Working data
____
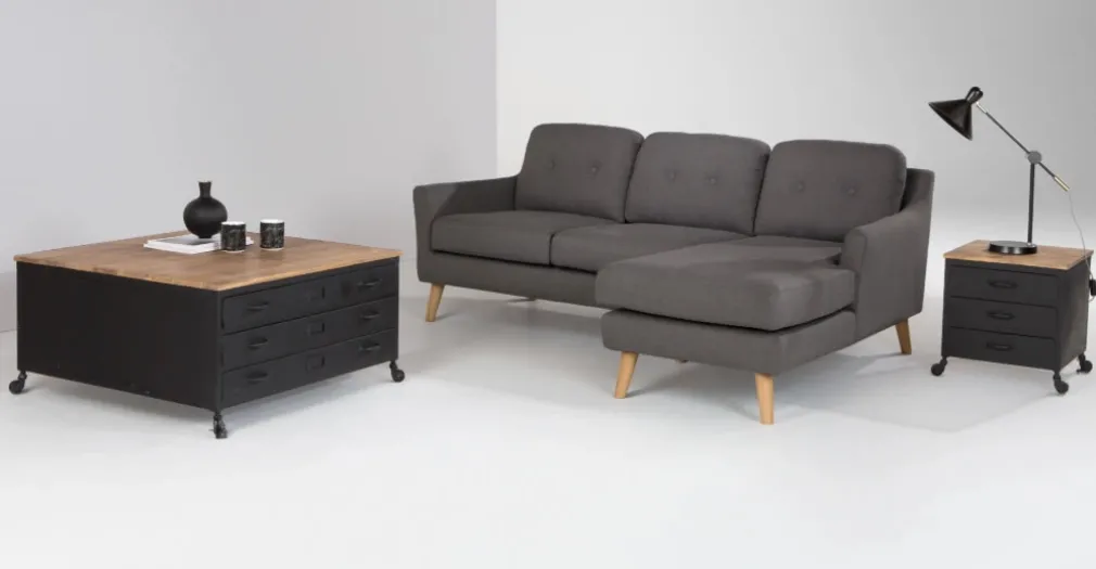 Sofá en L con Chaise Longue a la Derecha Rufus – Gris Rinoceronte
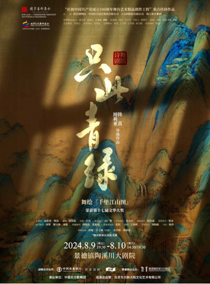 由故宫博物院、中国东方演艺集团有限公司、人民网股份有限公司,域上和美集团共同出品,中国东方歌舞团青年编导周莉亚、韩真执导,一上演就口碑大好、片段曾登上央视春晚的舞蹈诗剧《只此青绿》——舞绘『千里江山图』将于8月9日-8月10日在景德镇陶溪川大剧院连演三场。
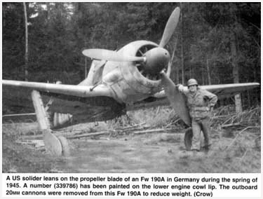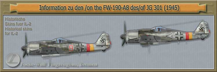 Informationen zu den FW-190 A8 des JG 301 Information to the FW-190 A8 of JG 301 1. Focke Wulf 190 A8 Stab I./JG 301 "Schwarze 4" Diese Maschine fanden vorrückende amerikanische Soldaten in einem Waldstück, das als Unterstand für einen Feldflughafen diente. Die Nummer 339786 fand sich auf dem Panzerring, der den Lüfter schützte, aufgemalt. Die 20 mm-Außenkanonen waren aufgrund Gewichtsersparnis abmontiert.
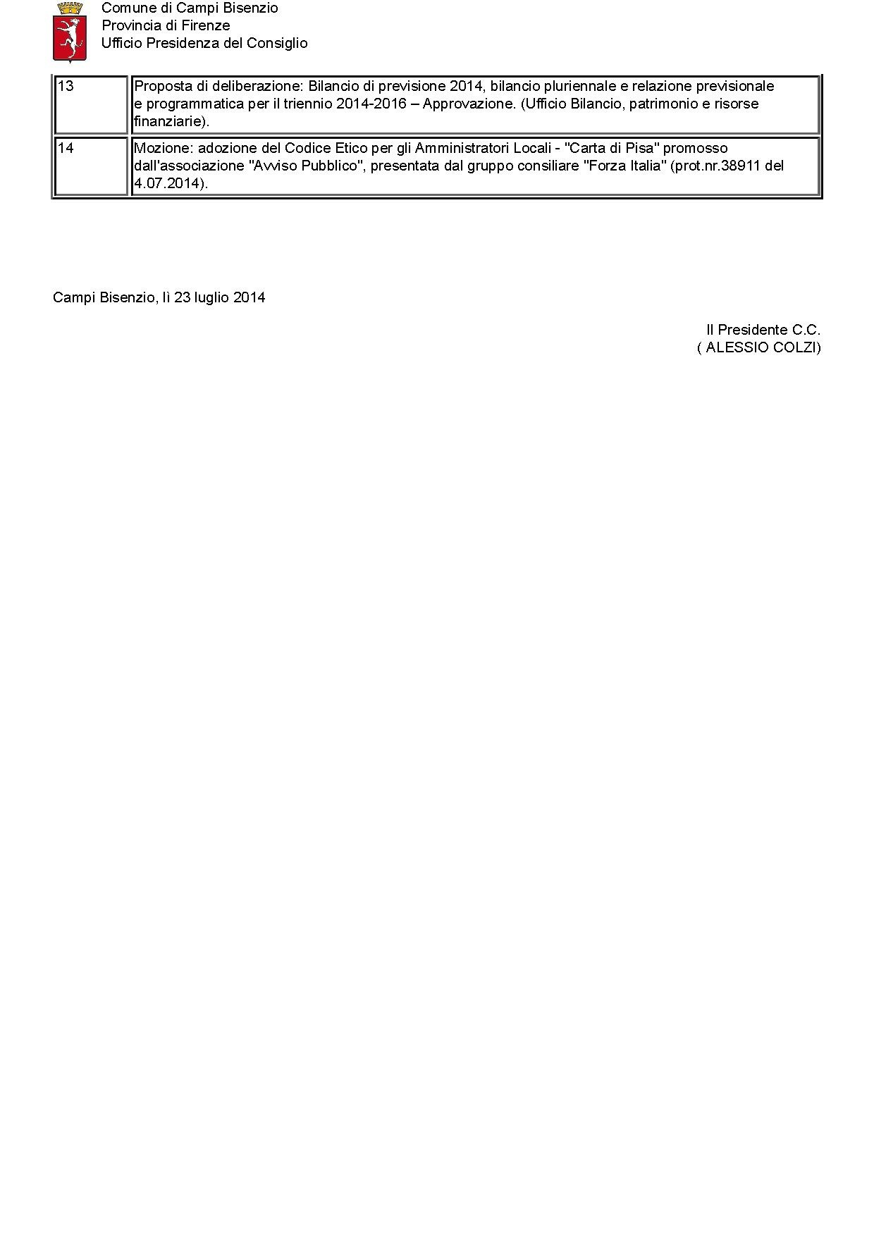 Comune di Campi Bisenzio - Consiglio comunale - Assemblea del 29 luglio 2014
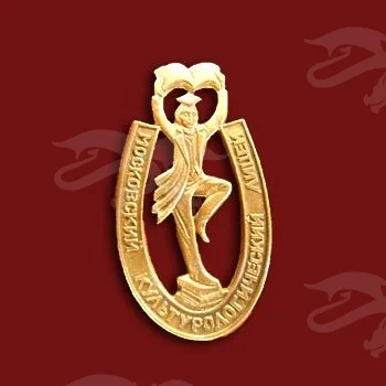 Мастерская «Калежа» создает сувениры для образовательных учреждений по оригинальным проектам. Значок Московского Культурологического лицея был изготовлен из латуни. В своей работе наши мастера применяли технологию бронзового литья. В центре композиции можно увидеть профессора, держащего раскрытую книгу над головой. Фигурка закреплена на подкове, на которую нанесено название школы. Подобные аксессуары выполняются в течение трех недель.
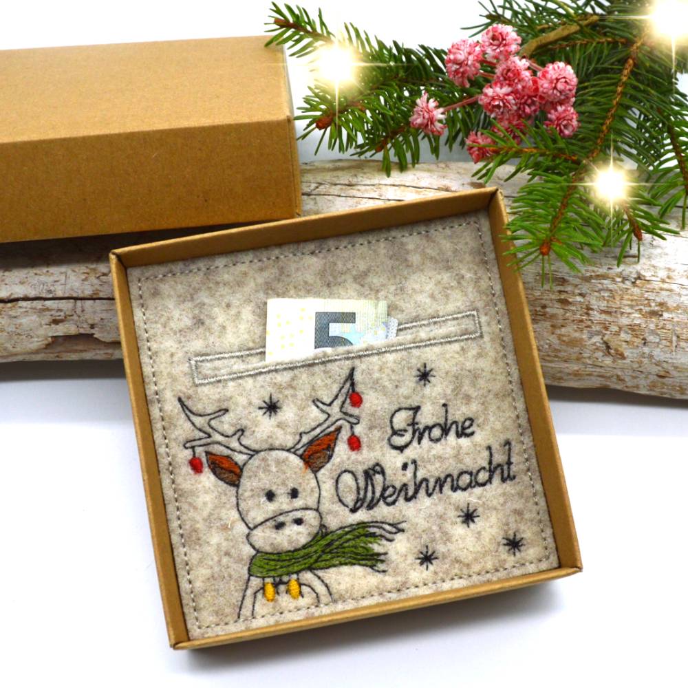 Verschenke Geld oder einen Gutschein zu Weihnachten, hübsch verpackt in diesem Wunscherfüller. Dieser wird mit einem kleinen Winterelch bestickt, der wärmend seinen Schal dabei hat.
____
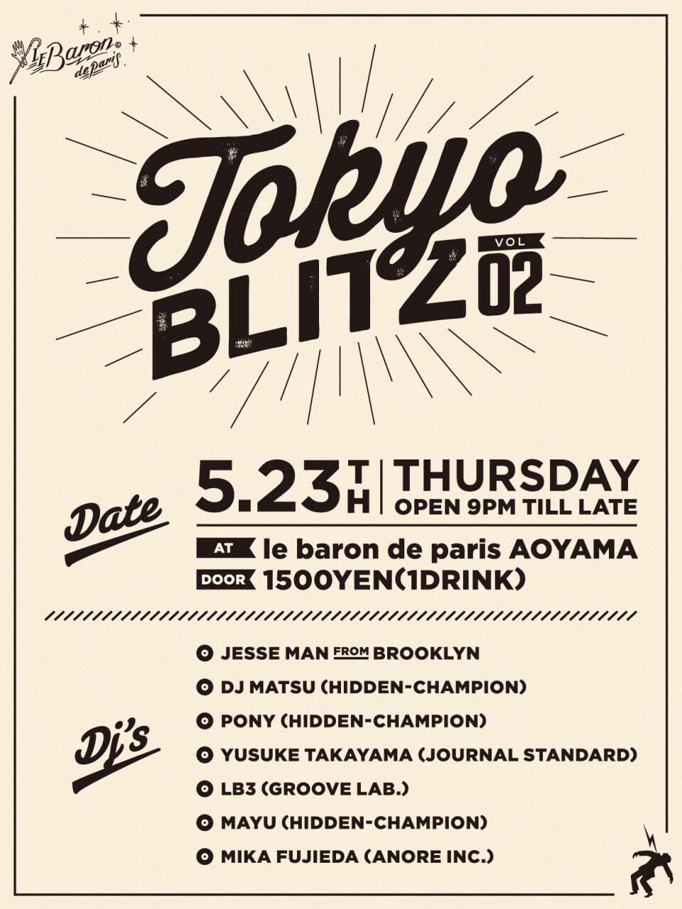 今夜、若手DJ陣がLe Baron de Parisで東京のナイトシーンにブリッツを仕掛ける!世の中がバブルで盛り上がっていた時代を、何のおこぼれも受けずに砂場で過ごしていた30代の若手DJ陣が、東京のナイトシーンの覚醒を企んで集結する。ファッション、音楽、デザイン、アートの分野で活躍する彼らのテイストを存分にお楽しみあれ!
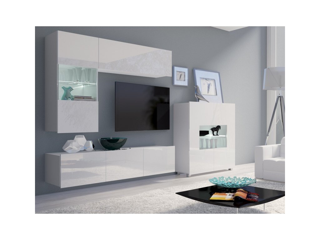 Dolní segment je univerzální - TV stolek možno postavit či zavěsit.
____
Task prompt
From the listing above, restate verbatim the lines running from the one with "由故宫博物院、中国东方演艺集" through the one with "Comune di Campi", inclusive, but not the pictures.

Solution to this problem
 由故宫博物院、中国东方演艺集团有限公司、人民网股份有限公司,域上和美集团共同出品,中国东方歌舞团青年编导周莉亚、韩真执导,一上演就口碑大好、片段曾登上央视春晚的舞蹈诗剧《只此青绿》——舞绘『千里江山图』将于8月9日-8月10日在景德镇陶溪川大剧院连演三场。
 Informationen zu den FW-190 A8 des JG 301 Information to the FW-190 A8 of JG 301 1. Focke Wulf 190 A8 Stab I./JG 301 "Schwarze 4" Diese Maschine fanden vorrückende amerikanische Soldaten in einem Waldstück, das als Unterstand für einen Feldflughafen diente. Die Nummer 339786 fand sich auf dem Panzerring, der den Lüfter schützte, aufgemalt. Die 20 mm-Außenkanonen waren aufgrund Gewichtsersparnis abmontiert.
 Comune di Campi Bisenzio - Consiglio comunale - Assemblea del 29 luglio 2014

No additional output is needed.